Diancam dan Dikriminalisasi
Setelah dibeli oleh pengusaha, langkah Adi untuk mengelola Pematang Damar semakin sulit. Dia tidak hanya berhadapan dengan pemerintah, pengusaha, dan warga yang pro perusahaan.
Adi memang diadang banyak orang dan banyak pihak. Tapi dia bergeming tak mundur barang selangkah pun. Terlanjur maju pantang surut ke belakang.
Baca juga: Polisi Buru Pemilik Gudang Minyak Ilegal yang Terbakar di Jambi
Ketika sedang panas-panasnya soal Pematang Damar, Adi sempat mendapatkan aksi kriminalisasi dari tiga kepala desa. Kemudian diancam rumahnya mau dibakar, dibunuh, dan diusir dari kampung.
"Banyak warga kampung yang bilang saya ini sudah gila. Tidak normal seperti masyarakat pada umumnya, cuma gara-gara mau menyelamatkan anggrek," kata dia menirukan suara-suara sumbang kala itu.
Upaya pembungkaman perusahaan kepada Adi tidak hanya dengan jalan kekerasan tetapi dengan cara-cara licik. Adi disogok uang ratusan juta oleh perusahaan.
Bahkan ia dijanjikan 20 hektar tanah, agar dia tidak bersuara lagi terkait Hutan Pematang Damar. Semuanya ditolak mentah-mentah.
Pusing bukan kepalang menghadapi Adi, akhirnya hutan Pematang Damar dibakar pada 2015. Kala itu, terjadi kabut asap yang berasal dari ratusan titik lahan terbakar di Jambi.
Adi menduga hutan sengaja dibakar atau karena kawasan hutan Pematang Damar yang merupakan hutan gambut, terbakar karena sudah dikeringkan dengan sistem kanalisasi.
Kembali ke rumah
Perjuangan Adi dan GMB pupus setelah Pematang Damar terbakar. Ada puluhan anggrek alam di sana mati. Pohon-pohon terpanggang menjadi abu.
Di tengah kebuntuan itu, Adi mendapatkan ilham, untuk menanam anggrek di belakang rumah. Kebun sawitnya seluas 3,5 hektar menjadi korban, karena disulap menjadi tempat konservasi anggrek.
"Ada 76 spesies dari 84 anggrek yang diselematkan, kini hidup di tempat konservasi, di tanah pribadi miliknya namun dikelola secara komunitas," kata dia.
Sampai sekarang, sudah lebih dari 1.000 anggrek macan yang ditanam. Kata Adi fokusnya memang anggrek macan, karena teridentifikasi anggrek terbesar dan terberat di dunia.

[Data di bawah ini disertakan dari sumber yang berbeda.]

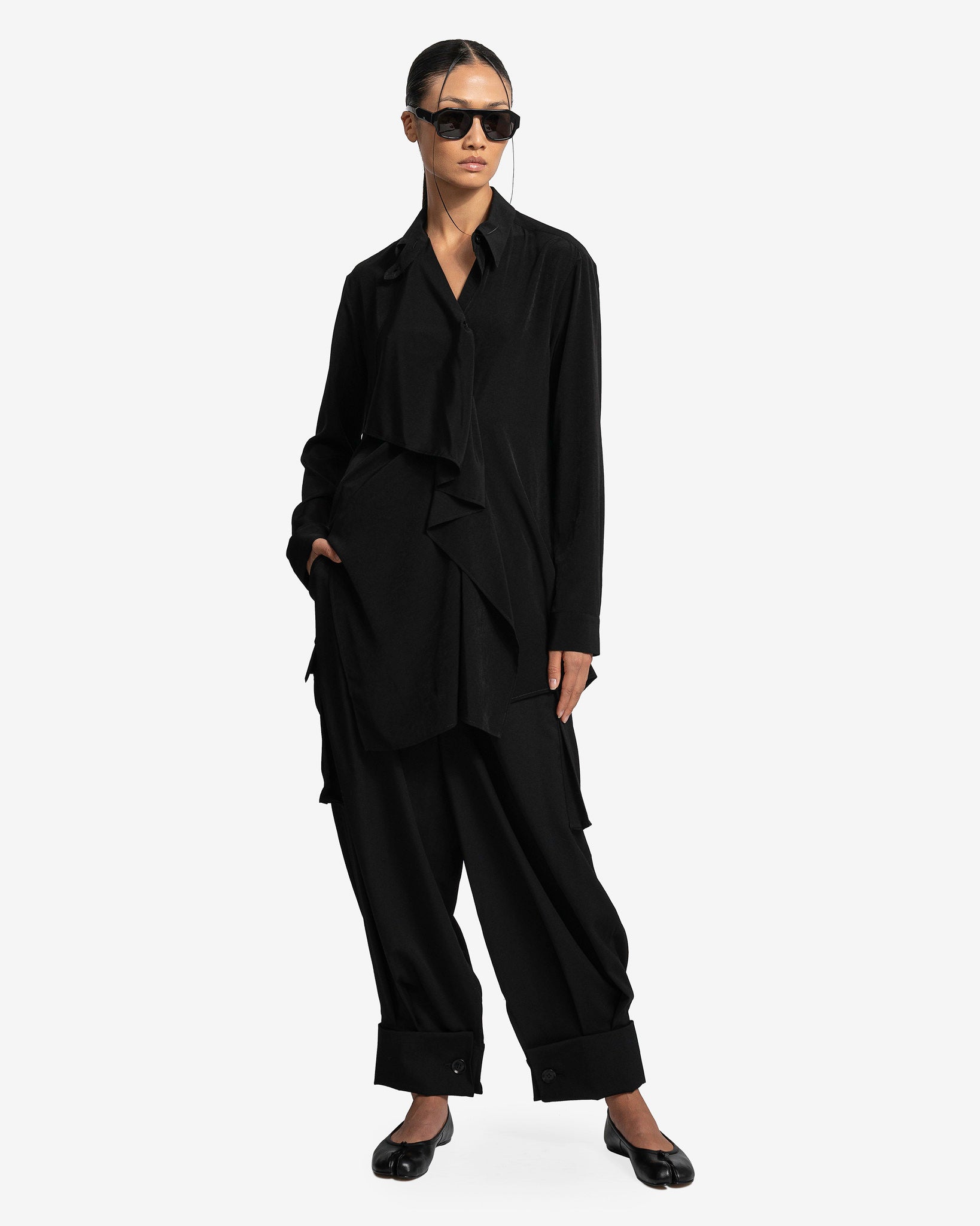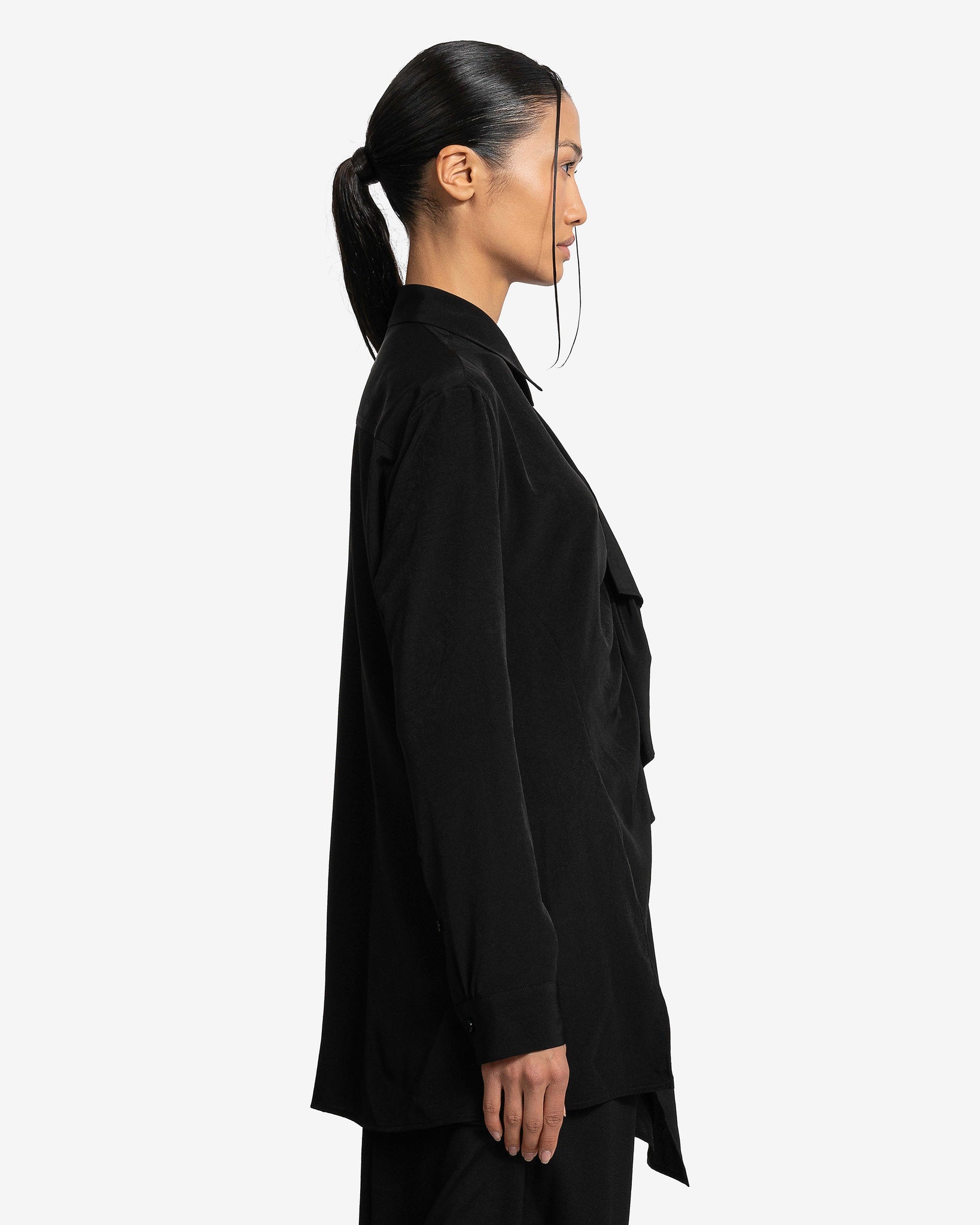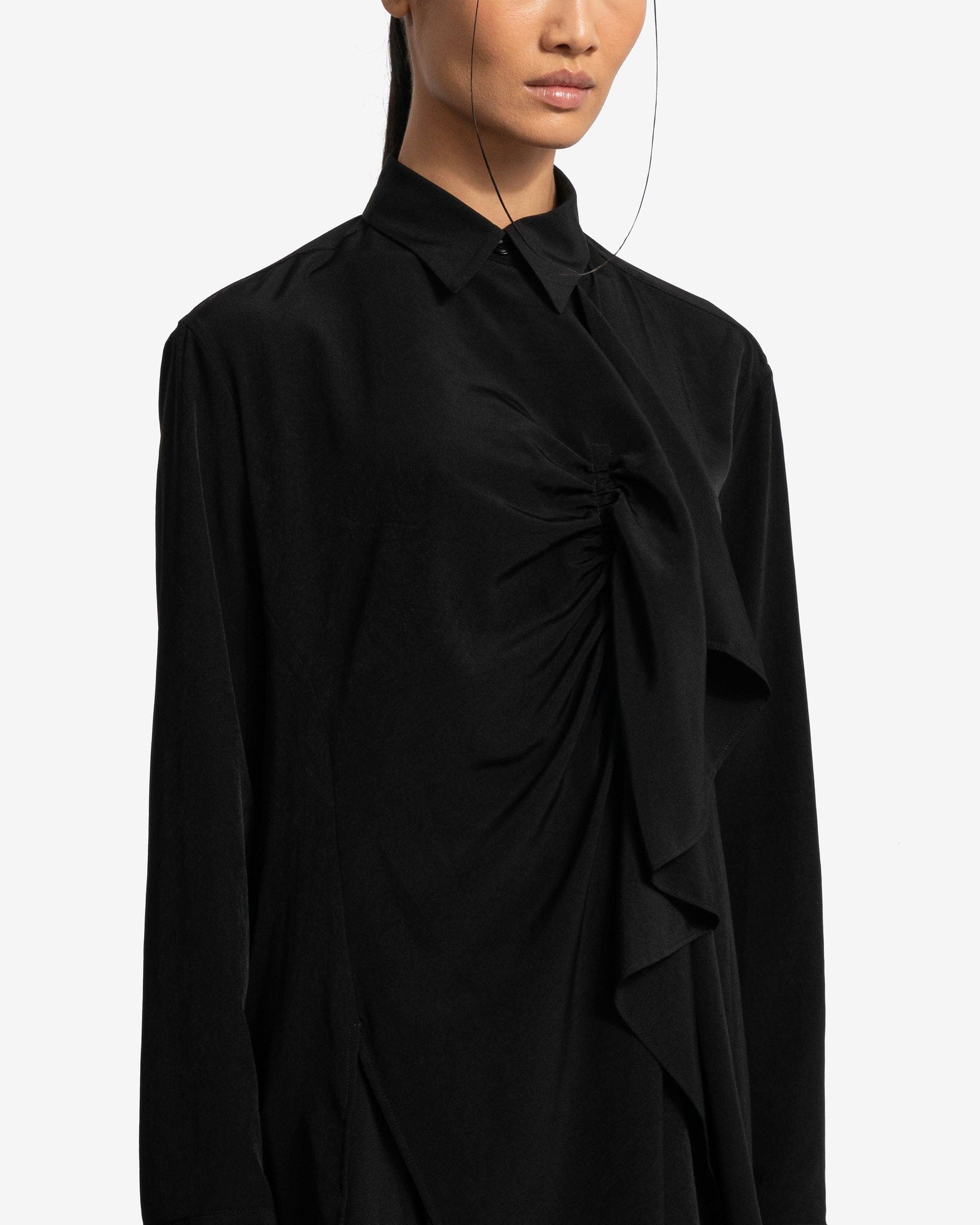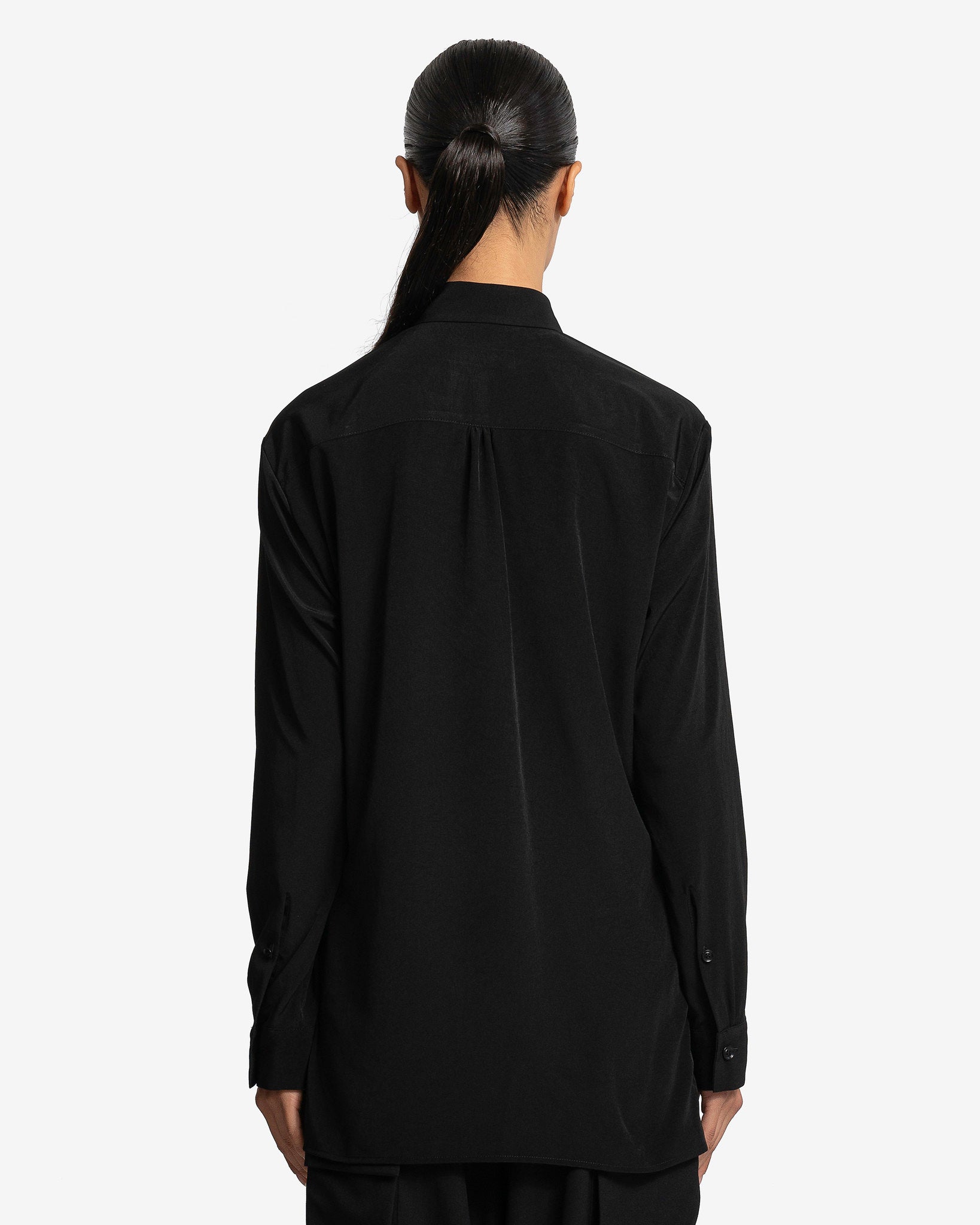 Y's by Yohji Yamamoto women's gathered blouse in black. This top features a classic collar and gathered details along the front, vents at the hem and pleats at the back.

"Anggrek terbesar dan terberat di dunia. Muarojambi inilah habitatnya. Selain candi terluas di Asia, juga ada anggrek. Itu alasannya kami pilih anggrek macan," kata pria 42 tahun ini.
Selain anggrek dia juga menanam pohon lokal seperti bungur, bengkal, labu kayu, putat, kayu aro nasi, kayu aro sudu, beringin, kemenyan putih, tampung, pulai, cupak, bedaro, tempunek dan kecapi. Total lebih dari 30 jenis kayu lokal yang ditanam.
Tempat konservasi di belakang rumah ini diberi nama Taman Sakat Lebung Panjang. Dalam bahasa lokal Muarojambi, sakat sama dengan anggrek.
Taman sakat ini, konsepnya menyediakan tempat bagi orang untuk berbagi kebaikan dengan menanam pohon anggrek dan menyemai bibit ikan lokal.
Dia menyakini, aktivitas berbagi kebaikan ini, akan terus tumbuh dan hidup. Ketika ia menanam pohon, buahnya akan dimakan burung. Saat itu, burung pun berdoa untuk keselamatan semua orang.
"Dengan mengalir tanpa hentinya kebaikan di Taman Sakat, membuat Adi bahagia. Ini adalah penebus dosa masa lalu. Kebaikan akan tumbuh dari segala penjuru," kata Adi dengan penuh harapan.
Bebas dari Intervensi Pemerintah
Setelah hutan Pematang Damar terbakar 2015, semua anggota GMB lesu karena hutan konservasi yang diimpikan hilang di depan mata.
Namun, anggrek yang sudah diselamatkan harus hidup. Maka dibangunlah taman sakat (kolam anggrek) pada Februari 2017 dengan dana pinjaman sebesar Rp 50 juta untuk menormalisasi sungai.
Kala itu ada 40 orang yang siap berjuang membangun Taman Sakat. Tapi karena beberapa hal, Adi tinggal sendirian. Satu persatu kawan pergi meninggalkan.